[[ Stored data open ]]

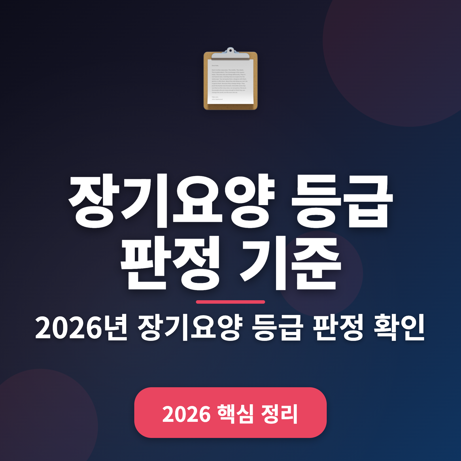 혹시 장기요양 등급 신청을 앞두고 계신가요? 이번 글에서는 2026년 장기요양 등급 판정 기준과 신청 방법을 단계별로 안내합니다. MZ세대에게 실질적인 도움을 줄 수 있는 가이드로, 이 글 하나로 모든 것을 해결해보세요. ✅
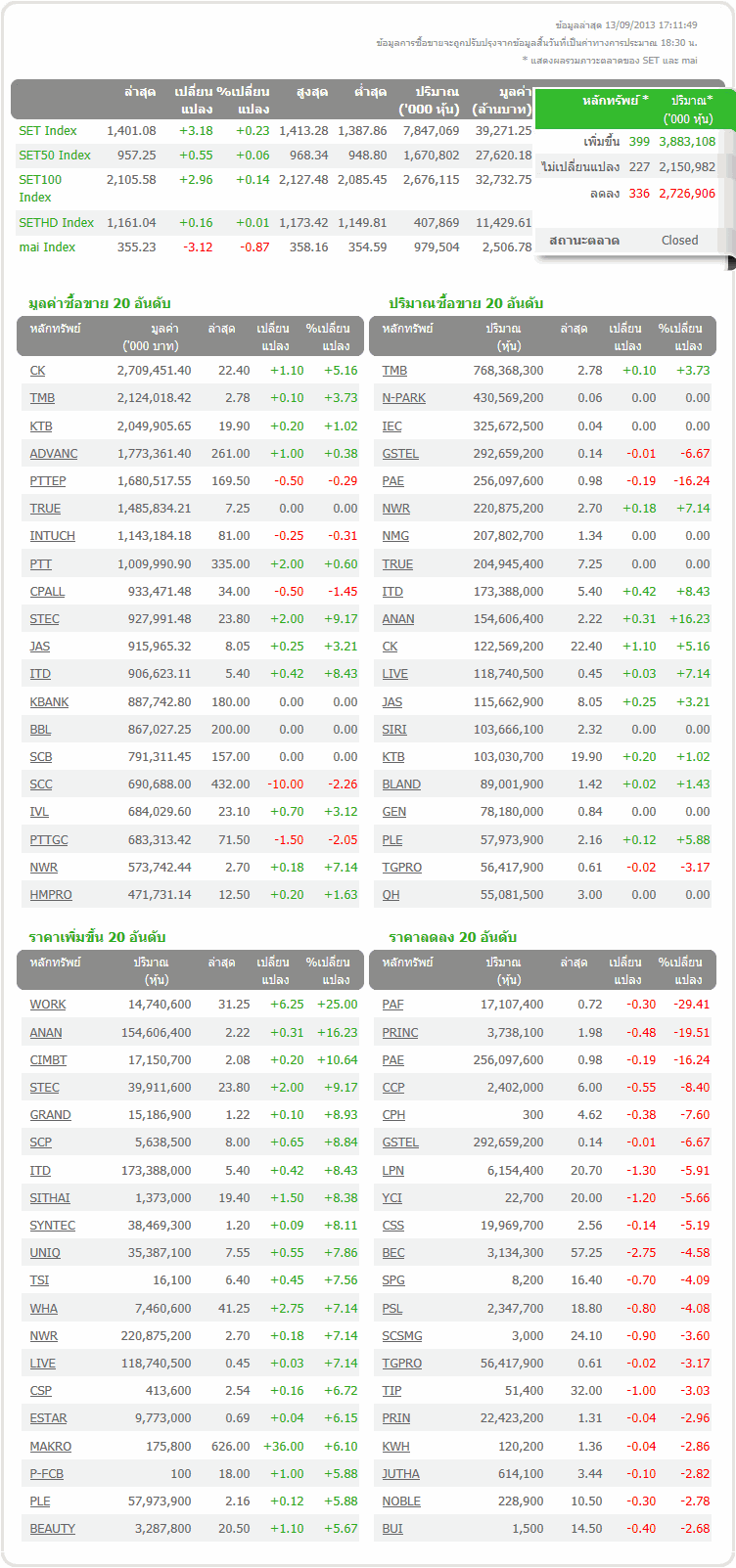 ### Graph Stock : Top 10 . Weekly 13.09.2013 ###
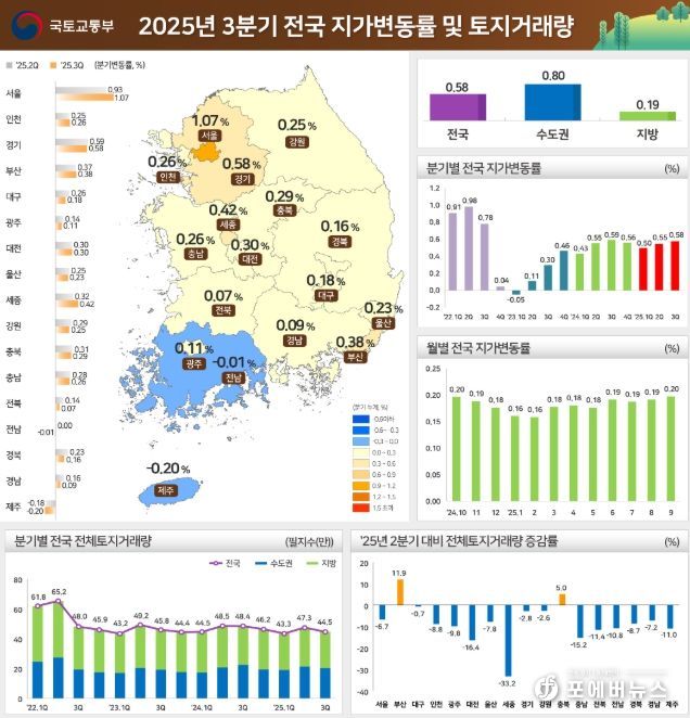 [ 포에버뉴스 사공선 기자 ] 국토교통부와 한국부동산원(원장 손태락)은 '25년 3분기 지가변동률 및 토지거래량을 발표했다.
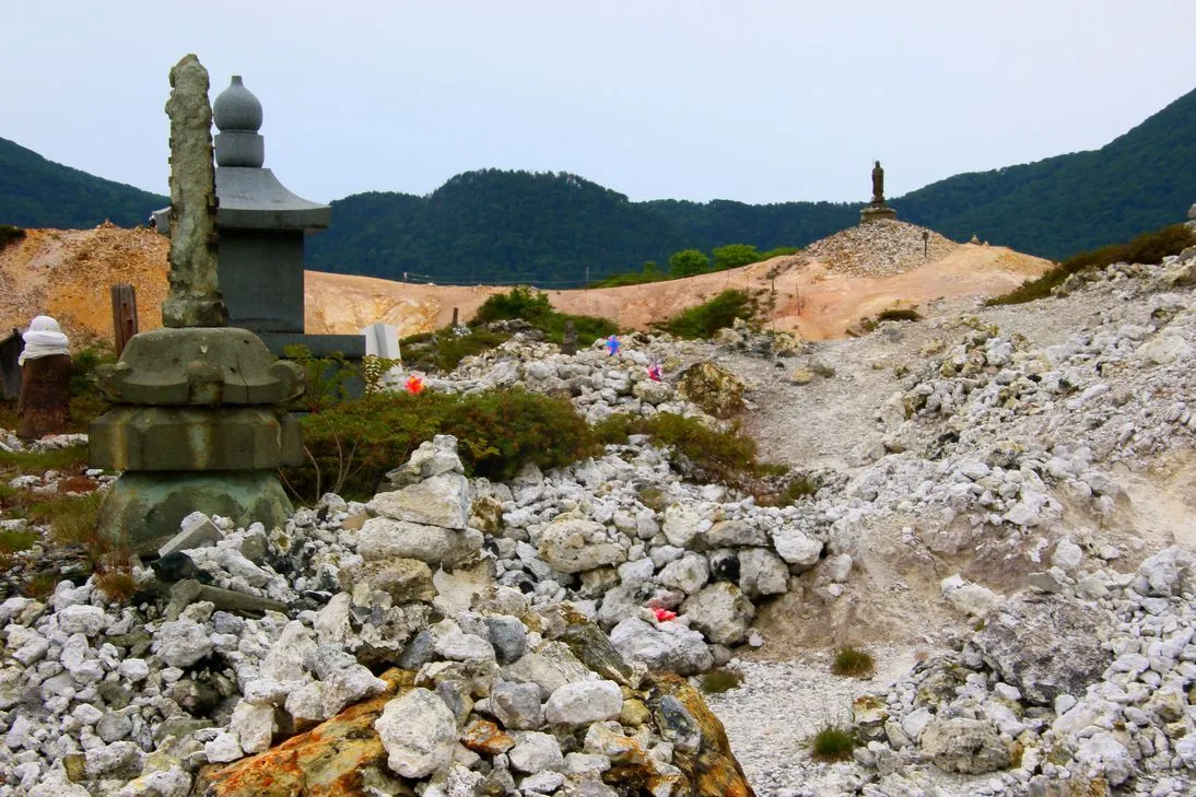 恐山で最も象徴的なのは、地獄のような荒涼地帯と温泉の噴出する岩場の景色です。強い硫黄の匂いと、白煙をあげる温泉の湧き出る地帯は、死者の世界とこの世の境目のように感じられ、「死後の世界」を連想させます。これが恐山が「霊が集まる」「死者がさまよう」と語られる背景のひとつです。

[[ Stored data closed ]]

• _How to complete this task_: With the pictures removed, return the full listing exactly as given.

• _Your solution_:
 혹시 장기요양 등급 신청을 앞두고 계신가요? 이번 글에서는 2026년 장기요양 등급 판정 기준과 신청 방법을 단계별로 안내합니다. MZ세대에게 실질적인 도움을 줄 수 있는 가이드로, 이 글 하나로 모든 것을 해결해보세요. ✅
 ### Graph Stock : Top 10 . Weekly 13.09.2013 ###
 [ 포에버뉴스 사공선 기자 ] 국토교통부와 한국부동산원(원장 손태락)은 '25년 3분기 지가변동률 및 토지거래량을 발표했다.
 恐山で最も象徴的なのは、地獄のような荒涼地帯と温泉の噴出する岩場の景色です。強い硫黄の匂いと、白煙をあげる温泉の湧き出る地帯は、死者の世界とこの世の境目のように感じられ、「死後の世界」を連想させます。これが恐山が「霊が集まる」「死者がさまよう」と語られる背景のひとつです。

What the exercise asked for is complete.